What is expected: Once the line containing "Plyšová pokladnička kůň." is reached, copy it and every line after it exactly, to the end of the material, without pictures.

Dataset section:
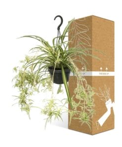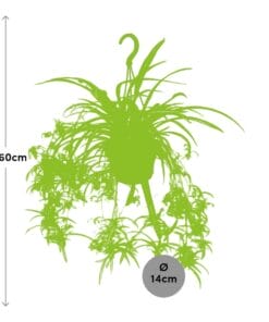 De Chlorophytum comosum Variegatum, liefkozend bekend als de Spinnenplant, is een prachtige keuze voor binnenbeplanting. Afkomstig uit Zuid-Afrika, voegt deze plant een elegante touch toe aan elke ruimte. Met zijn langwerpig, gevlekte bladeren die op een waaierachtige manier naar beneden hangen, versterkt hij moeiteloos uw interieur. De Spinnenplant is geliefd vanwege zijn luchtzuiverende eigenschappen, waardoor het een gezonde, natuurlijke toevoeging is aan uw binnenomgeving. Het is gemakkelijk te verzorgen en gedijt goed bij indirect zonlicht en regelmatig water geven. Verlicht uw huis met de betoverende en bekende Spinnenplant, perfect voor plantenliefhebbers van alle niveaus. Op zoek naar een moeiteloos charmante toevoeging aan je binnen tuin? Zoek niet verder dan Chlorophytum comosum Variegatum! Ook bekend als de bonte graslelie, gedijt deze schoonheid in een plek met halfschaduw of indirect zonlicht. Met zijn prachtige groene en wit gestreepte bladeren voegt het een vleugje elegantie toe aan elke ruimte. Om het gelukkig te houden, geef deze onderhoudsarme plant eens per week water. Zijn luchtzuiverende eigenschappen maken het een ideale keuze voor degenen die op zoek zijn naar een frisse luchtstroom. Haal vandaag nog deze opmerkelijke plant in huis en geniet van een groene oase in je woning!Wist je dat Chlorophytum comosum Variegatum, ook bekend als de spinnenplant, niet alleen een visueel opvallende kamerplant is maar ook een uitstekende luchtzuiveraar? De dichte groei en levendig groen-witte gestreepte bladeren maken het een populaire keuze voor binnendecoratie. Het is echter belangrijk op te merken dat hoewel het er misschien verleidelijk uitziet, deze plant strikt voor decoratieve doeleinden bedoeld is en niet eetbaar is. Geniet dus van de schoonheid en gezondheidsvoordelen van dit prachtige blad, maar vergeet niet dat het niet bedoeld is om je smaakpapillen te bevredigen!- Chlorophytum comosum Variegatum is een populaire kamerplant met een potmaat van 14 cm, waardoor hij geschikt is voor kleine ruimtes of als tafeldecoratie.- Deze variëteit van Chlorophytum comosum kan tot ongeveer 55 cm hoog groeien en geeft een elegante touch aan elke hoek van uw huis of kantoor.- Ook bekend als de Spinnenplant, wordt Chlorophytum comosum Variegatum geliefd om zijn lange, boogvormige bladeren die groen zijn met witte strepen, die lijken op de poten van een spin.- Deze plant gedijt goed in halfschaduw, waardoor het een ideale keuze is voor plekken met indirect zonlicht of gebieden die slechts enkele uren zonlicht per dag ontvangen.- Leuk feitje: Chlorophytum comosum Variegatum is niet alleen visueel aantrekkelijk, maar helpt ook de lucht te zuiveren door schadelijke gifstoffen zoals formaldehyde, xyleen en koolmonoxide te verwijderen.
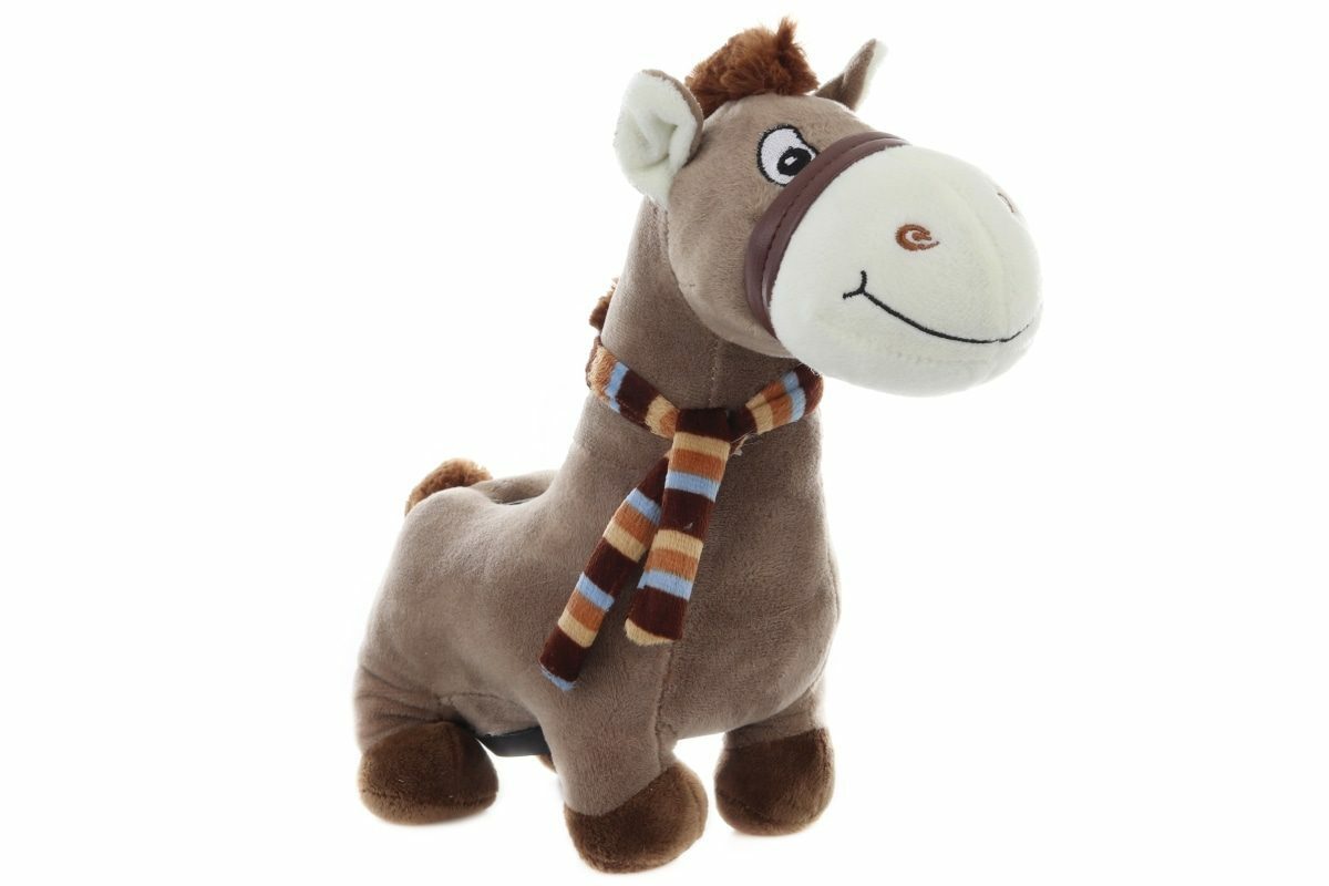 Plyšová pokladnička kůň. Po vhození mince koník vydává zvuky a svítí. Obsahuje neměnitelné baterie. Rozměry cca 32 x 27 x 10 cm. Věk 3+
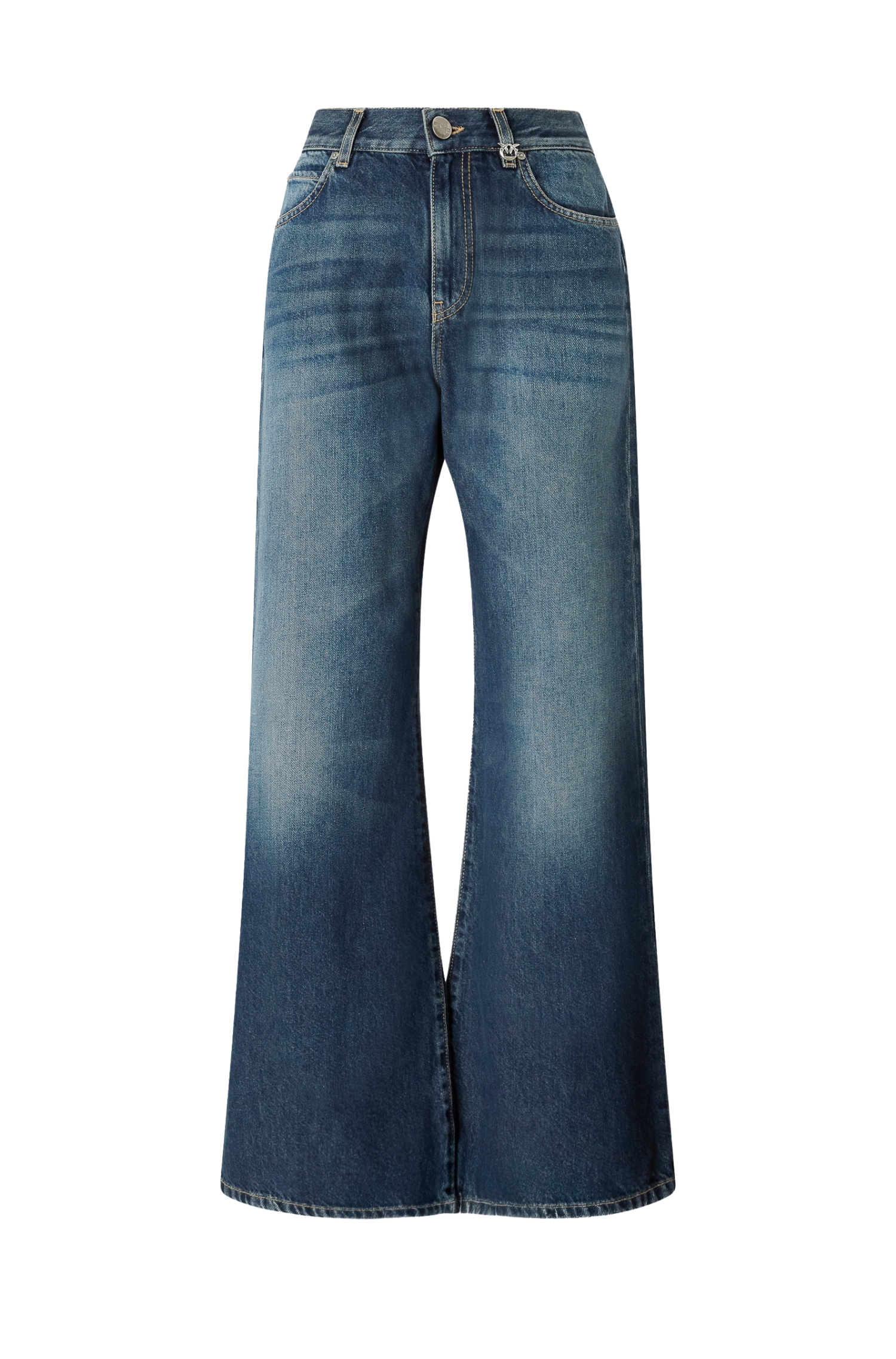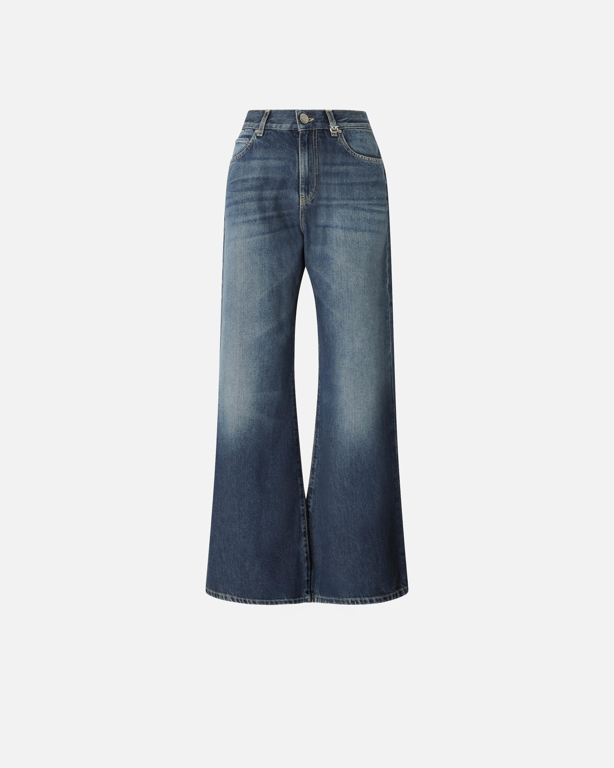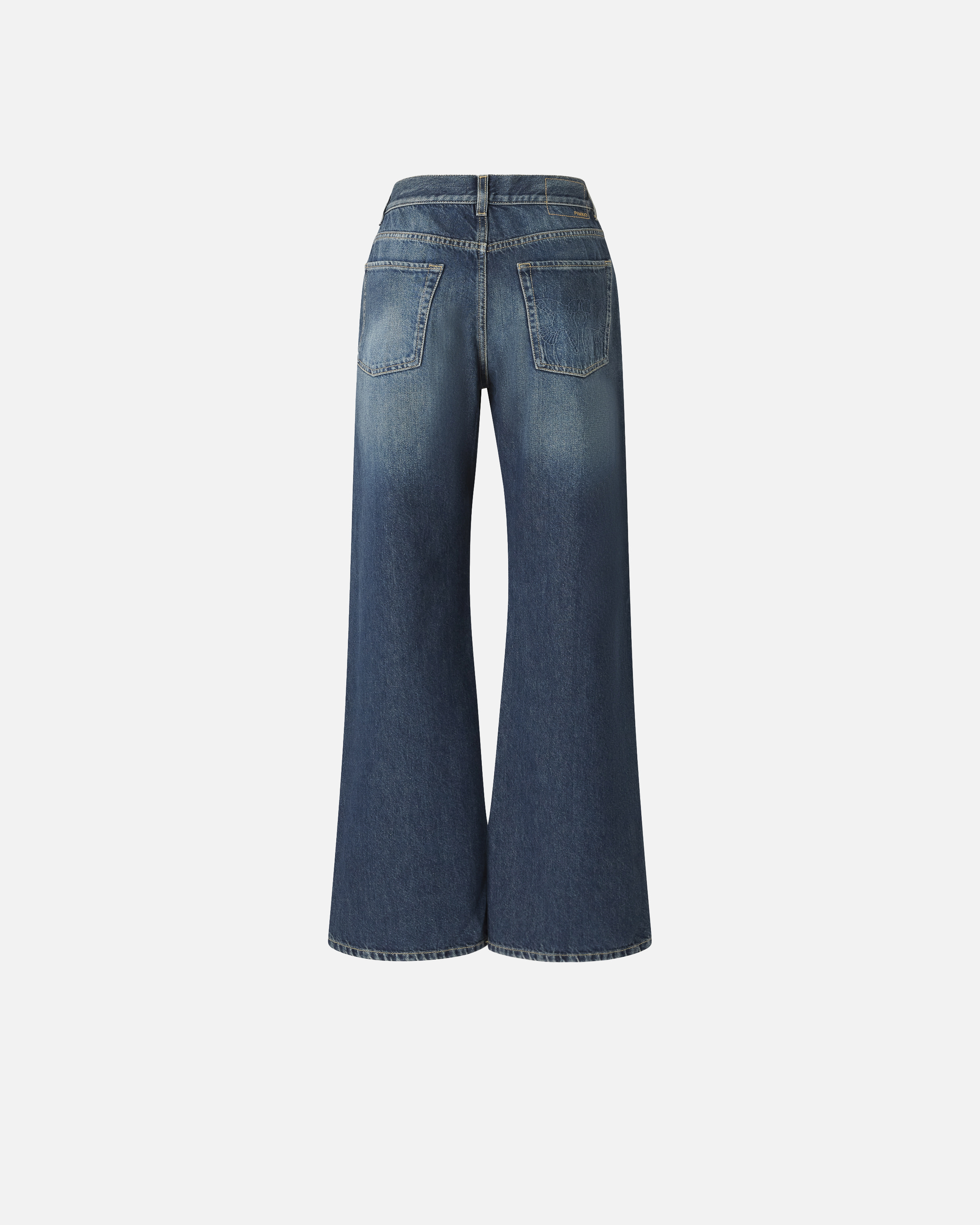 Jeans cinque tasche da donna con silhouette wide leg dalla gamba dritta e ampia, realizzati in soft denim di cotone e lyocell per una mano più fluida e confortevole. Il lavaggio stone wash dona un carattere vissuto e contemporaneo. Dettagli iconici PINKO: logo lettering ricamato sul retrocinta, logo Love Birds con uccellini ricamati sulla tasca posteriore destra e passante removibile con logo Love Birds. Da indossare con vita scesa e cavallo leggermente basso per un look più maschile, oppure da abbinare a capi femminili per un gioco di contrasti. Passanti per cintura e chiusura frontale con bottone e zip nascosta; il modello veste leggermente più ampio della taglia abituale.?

Result below:
 Plyšová pokladnička kůň. Po vhození mince koník vydává zvuky a svítí. Obsahuje neměnitelné baterie. Rozměry cca 32 x 27 x 10 cm. Věk 3+
 Jeans cinque tasche da donna con silhouette wide leg dalla gamba dritta e ampia, realizzati in soft denim di cotone e lyocell per una mano più fluida e confortevole. Il lavaggio stone wash dona un carattere vissuto e contemporaneo. Dettagli iconici PINKO: logo lettering ricamato sul retrocinta, logo Love Birds con uccellini ricamati sulla tasca posteriore destra e passante removibile con logo Love Birds. Da indossare con vita scesa e cavallo leggermente basso per un look più maschile, oppure da abbinare a capi femminili per un gioco di contrasti. Passanti per cintura e chiusura frontale con bottone e zip nascosta; il modello veste leggermente più ampio della taglia abituale.?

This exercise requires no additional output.